• To do: Only the text belongs in the answer: every line of the records below, transcribed exactly.

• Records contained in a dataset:
[Start of Attachment]

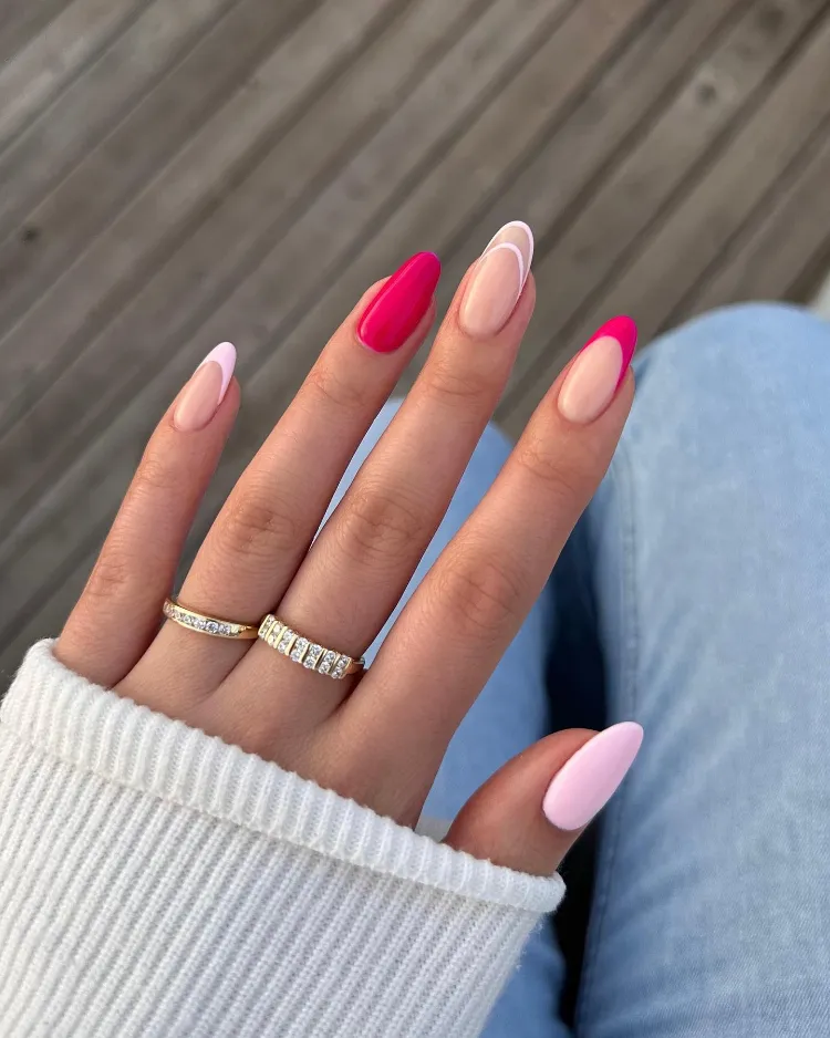 Bold yet balanced, this design pairs striking hot pink with neutral tones for a chic contrast. The single lined accent nail adds a playful detail without overpowering the look. It’s the kind of manicure that feels just right for date night or brunch with the girls.
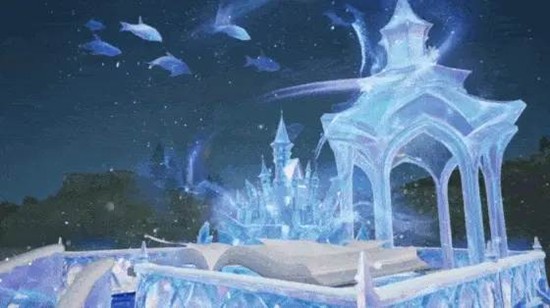 冰晶穹门为大型入口结构,推开触发霜风特效;驯鹿雪橇停在星霜小路,点击可坐乘并播放雪铃音效。人鱼雕像内置音乐盒,轻触即吟唱凛冬颂歌;冰鲸投影书页翻动时跃向夜空,尾鳍扫出流动极光,墙面自动晕染绿蓝光彩,实现“抬头见极光”的梦幻场景。
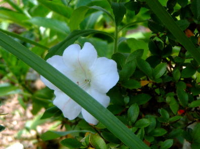 変わった配色の花があったので、思わずシャッターを押したのですが、やはり夕方フラッシュをたいて撮影する花の写真は良くありませんね。色が不自然になってしまいます。今度は昼間の太陽光の下で、もっときれいに撮影しましょう。(2006年8月3日・夕方撮影)
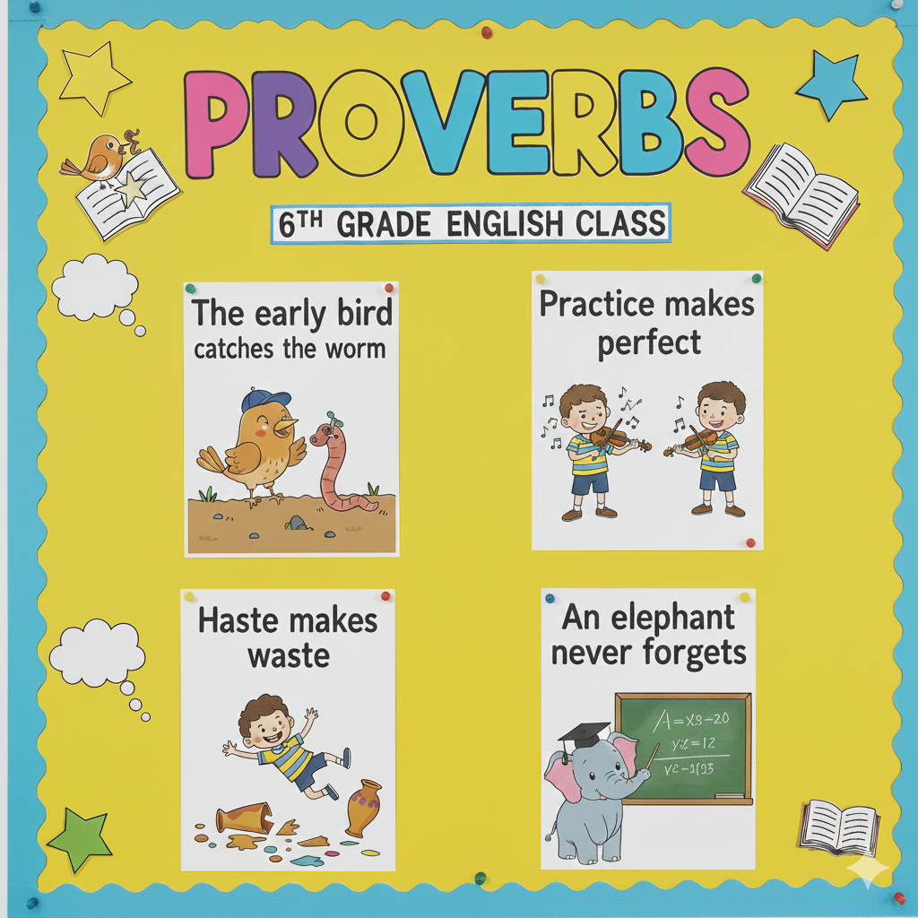 A visual-centered practice sheet designed to help Grade 6 students learn common English proverbs through clear, supportive images. The worksheet relies heavily on pictures to enhance comprehension, make abstract ideas easier to understand, and support learners who benefit from strong visual cues.
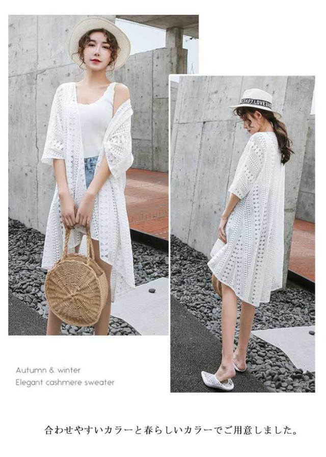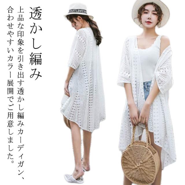 UV 透かし編み ロングカーディガン 透かし編み ライトアウター レースカーディガン サマーカーディガン 紫外線対策 UV対策 冷房対策 羽織り レディース トップス 日焼け防止 透け シンプル カジュアル 海 リゾート
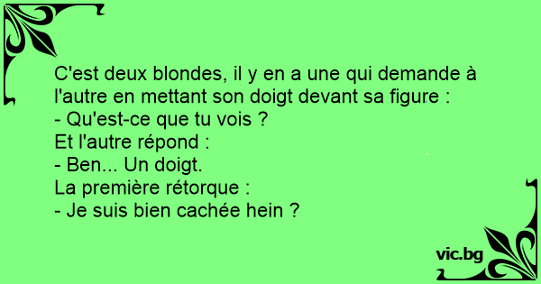 C'est deux blondes, il y en a une qui demande à l'autre en mettant son doigt devant sa figure :
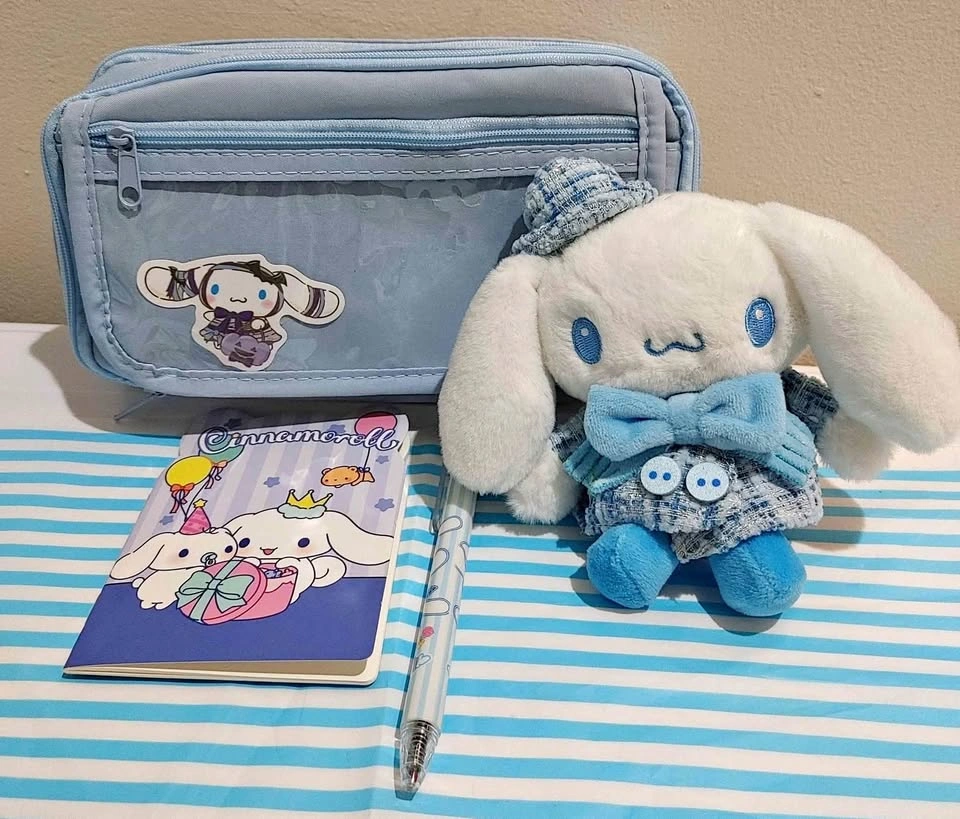 25Cinnamoroll mini gift set: - one pencil case with pin and transparent area for decorations such as cards or stickers - multiple zippers and layers for organization and storage - including a mini notebook and pen One Cinnamoroll Plushie Thanks! Pick up at killarney community center 6260 Killarney St, Vancouver, BC V5S 2X7
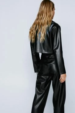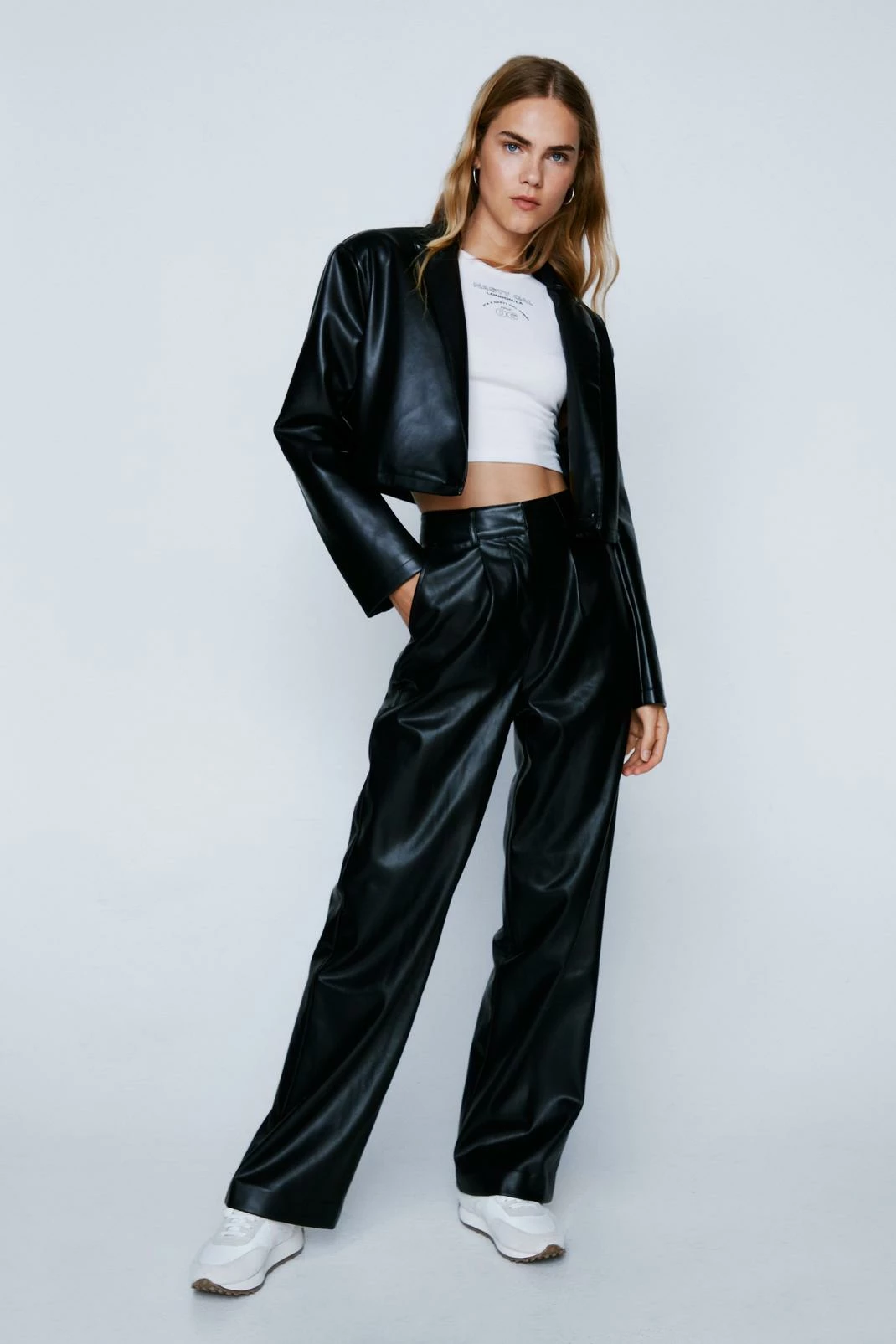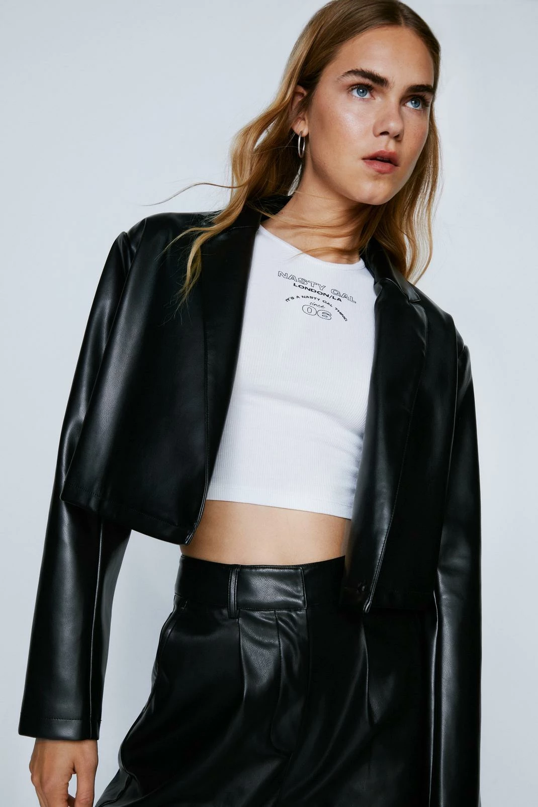 Staple season. Simple cropped faux leather blazer, perfect for changing seasons.

[End of Attachment]

• Response to this task:
 Bold yet balanced, this design pairs striking hot pink with neutral tones for a chic contrast. The single lined accent nail adds a playful detail without overpowering the look. It’s the kind of manicure that feels just right for date night or brunch with the girls.
 冰晶穹门为大型入口结构,推开触发霜风特效;驯鹿雪橇停在星霜小路,点击可坐乘并播放雪铃音效。人鱼雕像内置音乐盒,轻触即吟唱凛冬颂歌;冰鲸投影书页翻动时跃向夜空,尾鳍扫出流动极光,墙面自动晕染绿蓝光彩,实现“抬头见极光”的梦幻场景。
 変わった配色の花があったので、思わずシャッターを押したのですが、やはり夕方フラッシュをたいて撮影する花の写真は良くありませんね。色が不自然になってしまいます。今度は昼間の太陽光の下で、もっときれいに撮影しましょう。(2006年8月3日・夕方撮影)
 A visual-centered practice sheet designed to help Grade 6 students learn common English proverbs through clear, supportive images. The worksheet relies heavily on pictures to enhance comprehension, make abstract ideas easier to understand, and support learners who benefit from strong visual cues.
 UV 透かし編み ロングカーディガン 透かし編み ライトアウター レースカーディガン サマーカーディガン 紫外線対策 UV対策 冷房対策 羽織り レディース トップス 日焼け防止 透け シンプル カジュアル 海 リゾート
 C'est deux blondes, il y en a une qui demande à l'autre en mettant son doigt devant sa figure :
 25Cinnamoroll mini gift set: - one pencil case with pin and transparent area for decorations such as cards or stickers - multiple zippers and layers for organization and storage - including a mini notebook and pen One Cinnamoroll Plushie Thanks! Pick up at killarney community center 6260 Killarney St, Vancouver, BC V5S 2X7
 Staple season. Simple cropped faux leather blazer, perfect for changing seasons.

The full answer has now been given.